> EXERCISE REQUIREMENTS: Please print, exactly, only the lines in the entries below from the line that has "Der Textilfaltdisplay Messestand" through the line that has "Полицейские мгновенно заблокировали". Pictures don't go in.

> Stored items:
--- START ---

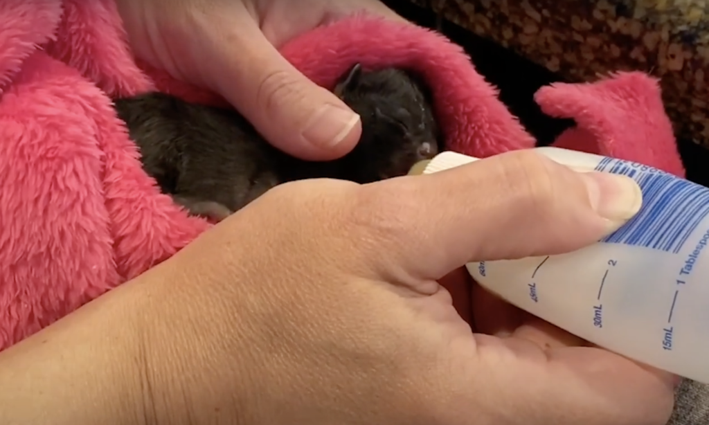 Digging through their supplies, they found some kitten formula and gently tried to coax a few drops into the trembling little body.
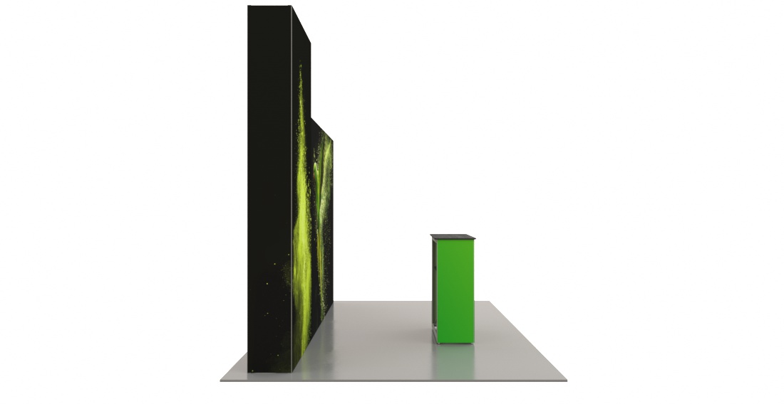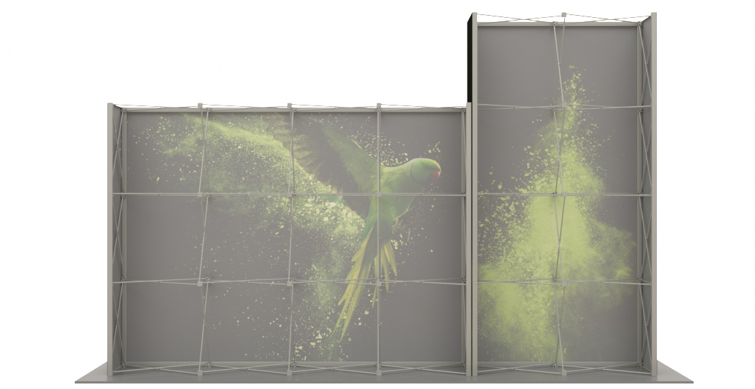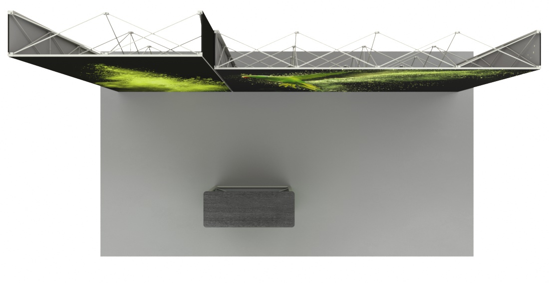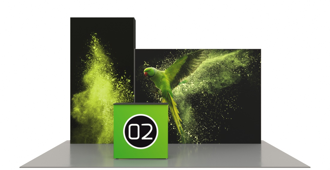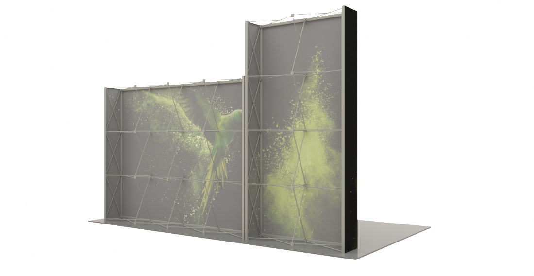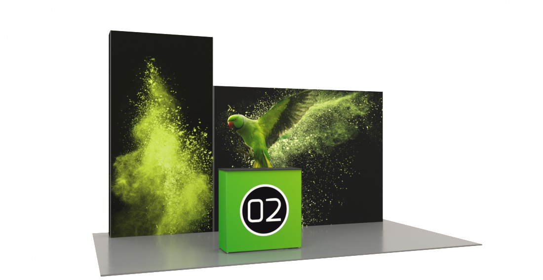 Der Textilfaltdisplay Messestand 02 kann sowohl als eigenständiger Messestand, sowie als flexible Ausstattung für sehr große Messeflächen genutzt werden. Die zwei Messewände bestechen durch ihre Maße von 151 x 298 cm und 298 x 224 cm. Insbesondere durch die erhöhte Position von fast drei Metern in Kombination mit der optionalen Hinterleuchtung verspricht der Messestand eine hohe Aufmerksamkeit.
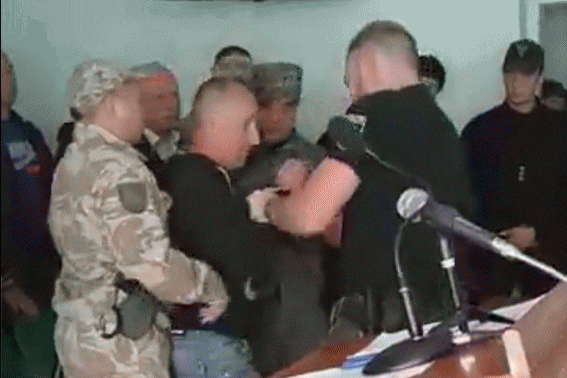 Полицейские мгновенно заблокировали подсудимого и "вытащили" в отдельную комнату, где "накрыли" его своими телами.
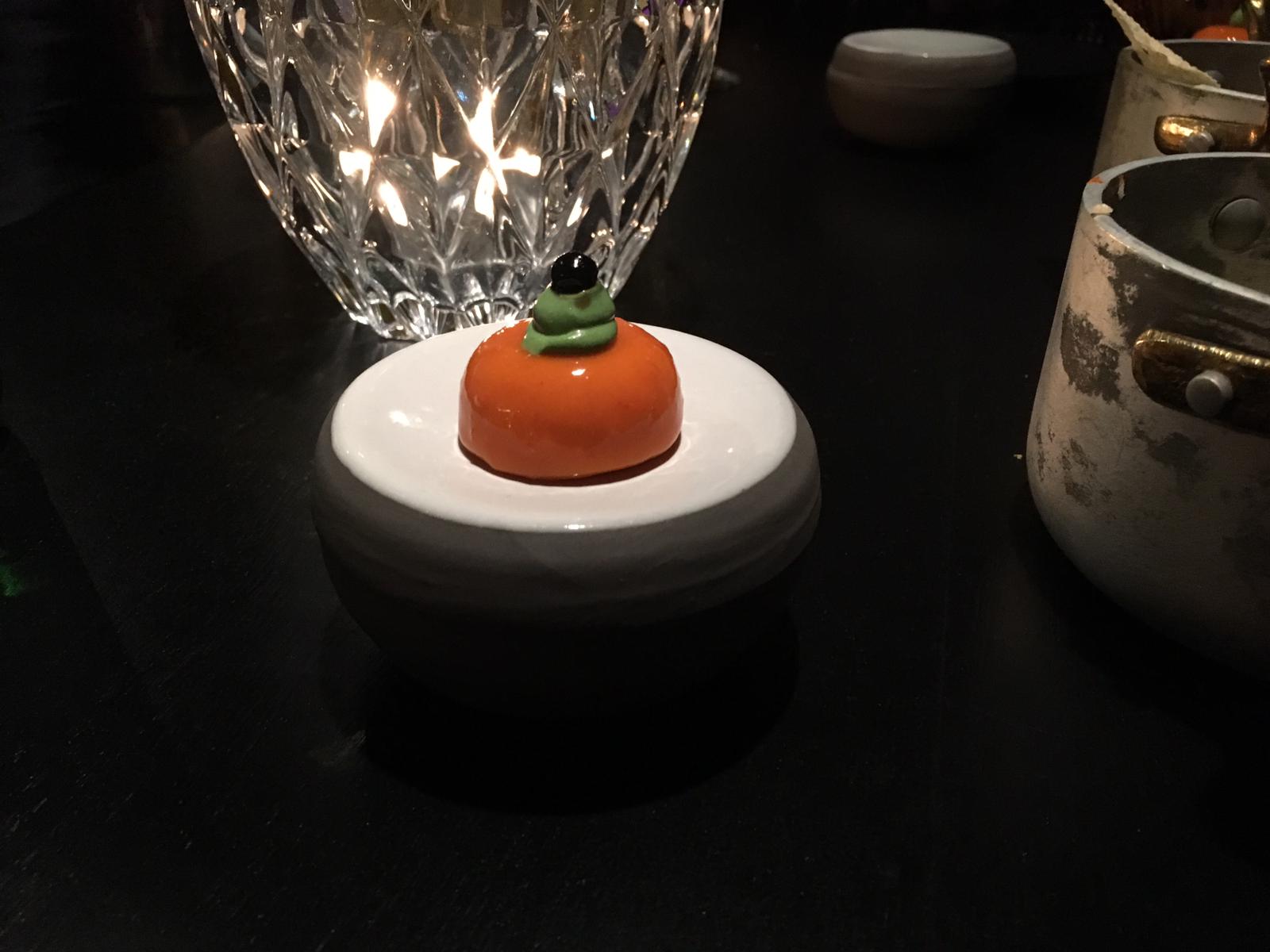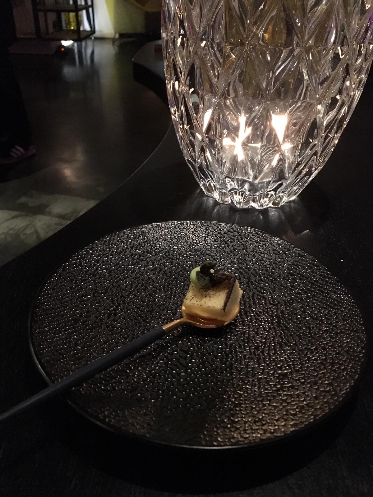 Voordat we los mogen gaan krijgen we nogmaals een amuse of smaakmaker. Deze keer worden we getrakteerd op macarons met een mouseje plus een klein vierkantje op een lepel. Niemand schonk op dit moment nog aandacht aan de ober. Dus je moet ons vergeven dat we geen idee meer hebben wat het nou precies is. Het trekt in ieder geval de lijn door van de vorige amuse. We zijn al weer snel stil en aan het genieten van deze een hapsmaaltijdjes.
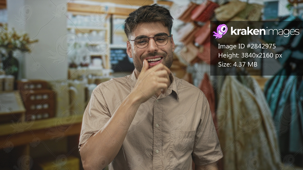 Man wearing beige shirt and glasses covering mouth with hand near clothing racks in retail building; amusement.
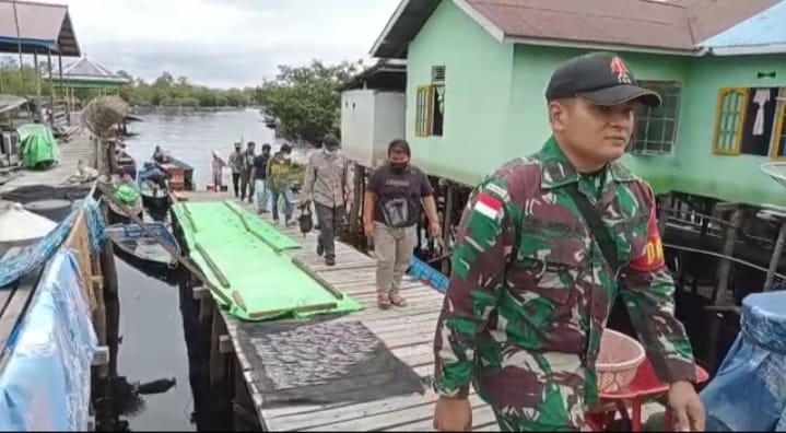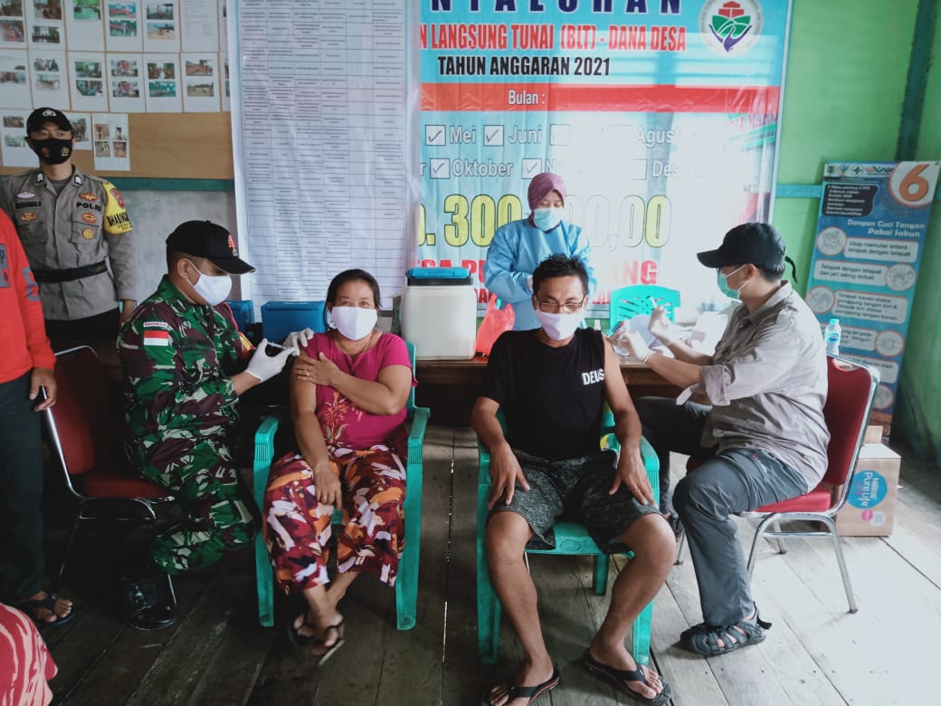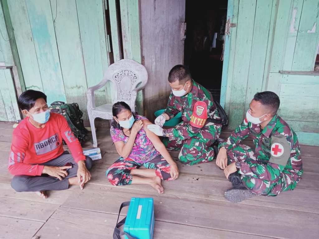 Anggota Satgas Yonif 144/JY bersinergi dalam percepatan penanganan Vaksinasi Covid-19 di Pulau majang Kecamatan Badau Kabupaten Kapuas Hulu Kalbar.

--- END ---

> RESPONSE FOR THIS EXERCISE:
 Der Textilfaltdisplay Messestand 02 kann sowohl als eigenständiger Messestand, sowie als flexible Ausstattung für sehr große Messeflächen genutzt werden. Die zwei Messewände bestechen durch ihre Maße von 151 x 298 cm und 298 x 224 cm. Insbesondere durch die erhöhte Position von fast drei Metern in Kombination mit der optionalen Hinterleuchtung verspricht der Messestand eine hohe Aufmerksamkeit.
 Полицейские мгновенно заблокировали подсудимого и "вытащили" в отдельную комнату, где "накрыли" его своими телами.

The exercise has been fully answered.